Setup: Given that we have a noisy matrix signal $\breve{B}\in\mathbb{R}^{p\times L}$ of the true signal $B\in\mathbb{R}^{p\times L}$, where the empirical distribution of the rows of $B$ converge to $\bar{B}\in\mathbb{R}^L$ where $\bar{B}\sim\text{Categorical}(\pi)$, $\pi\in\mathbb{R}^L$, and $\sum_{l=1}^L\pi_l=1$ (i.e., $\pi$ is a probability vector). The rows of $B$ are generated by sampling independently from the distribution $\text{Categorical}(\pi)$. So the rows of $B$ are independent one-hot vectors.

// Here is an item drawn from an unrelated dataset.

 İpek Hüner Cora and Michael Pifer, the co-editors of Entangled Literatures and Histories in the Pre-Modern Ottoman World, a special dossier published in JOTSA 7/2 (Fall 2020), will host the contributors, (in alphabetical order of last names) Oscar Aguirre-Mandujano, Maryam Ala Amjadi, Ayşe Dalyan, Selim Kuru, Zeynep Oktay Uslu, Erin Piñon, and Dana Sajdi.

The goal is to estimate $B$ from $\breve{B}$. We have additional statistical information about $\breve{B}$, namely: The empirical distribution of the rows of $\breve{B}$ converges to $M\bar{B}+G$, where:
- $M\in\mathbb{R}^{L\times L}$ is a non-random component;
- $G\sim \mathcal{N}(0,\Sigma)$, where $\Sigma\in\mathbb{R}^{L\times L}$, is the random noise component.

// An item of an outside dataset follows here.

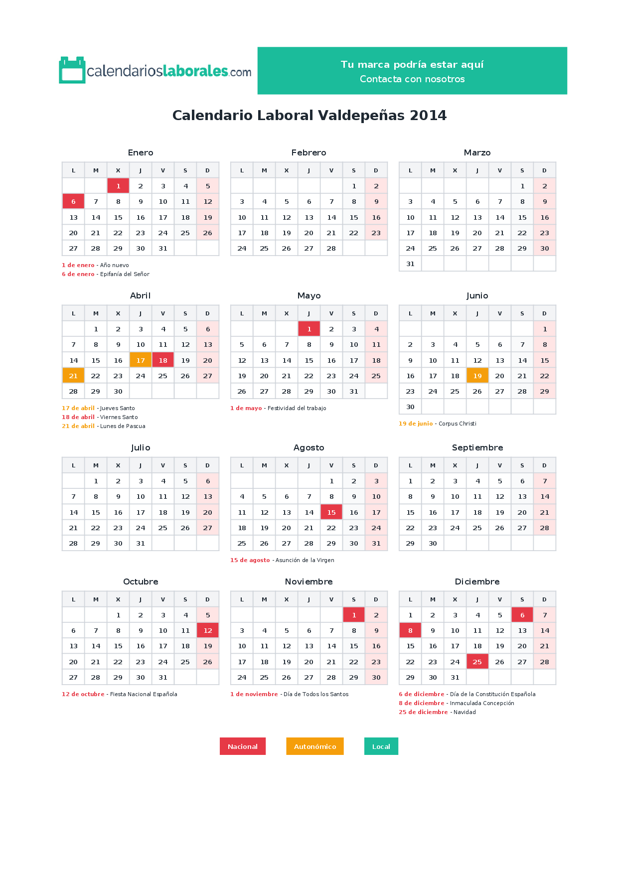 En 2014, 10 festivos nacionales se celebran en todo el territorio español, incluidos en el calendario laboral de Valdepeñas.

Note that we have access to $\pi$, $M$, and $\Sigma$. To be more precise, the convergence of rows means $$ \frac{1}{p}\sum_{j=1}^p\breve{B}_j \rightarrow \mathbb{E}\big[M\bar{B}+G\big], $$ where $\breve{B}_j$ denotes the $j$th row of $\breve{B}$.

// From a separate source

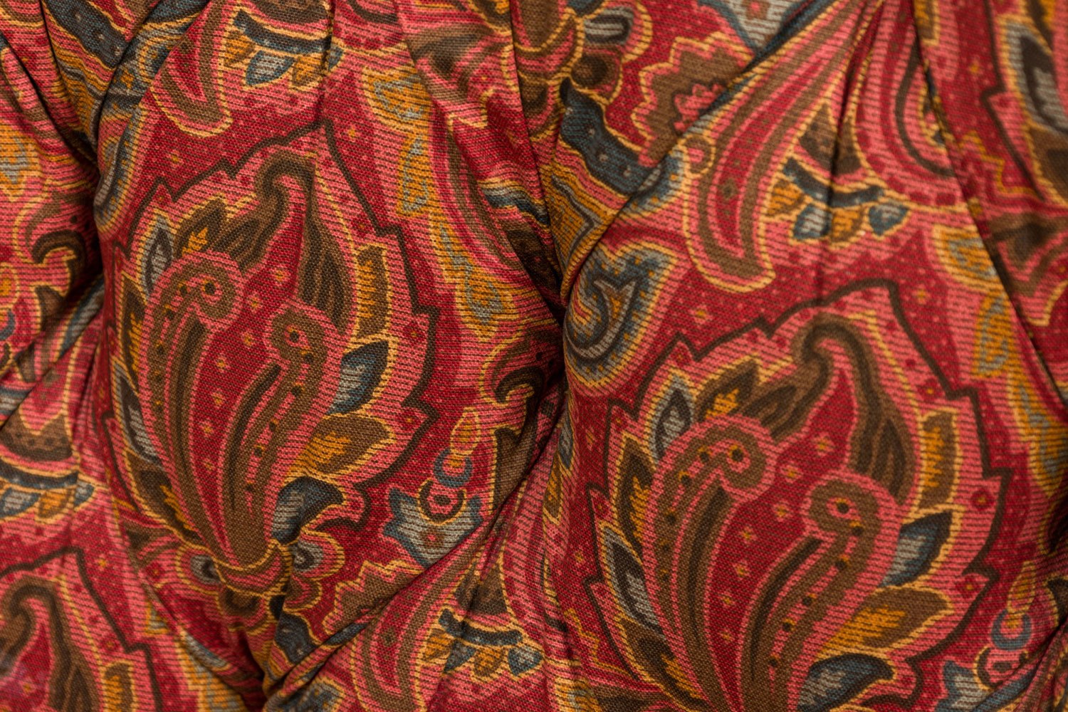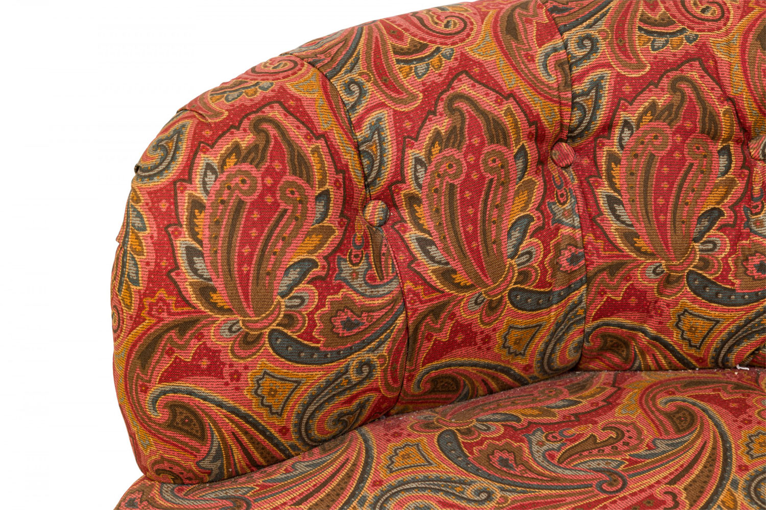 English Victorian Style Tufted Red and Blue Paisley Upholstered Rounded Back Loveseat

Question: What is the best estimator $\widehat{B}_j=f(\breve{B}_j)$? Note that here, estimation is done row wise with $j\in\{1,\dots,p\}$. The best that I can think of is $$ f(\breve{B}_j)=\mathbb{E}\Big[\bar{B}\,\Big|\,M\bar{B}+G=\breve{B}_j\Big]. $$ Can we do better than this since we know that rows of $B$ are one-hot vectors (and we also know the prior distribution of the signal $B$)? Thanks.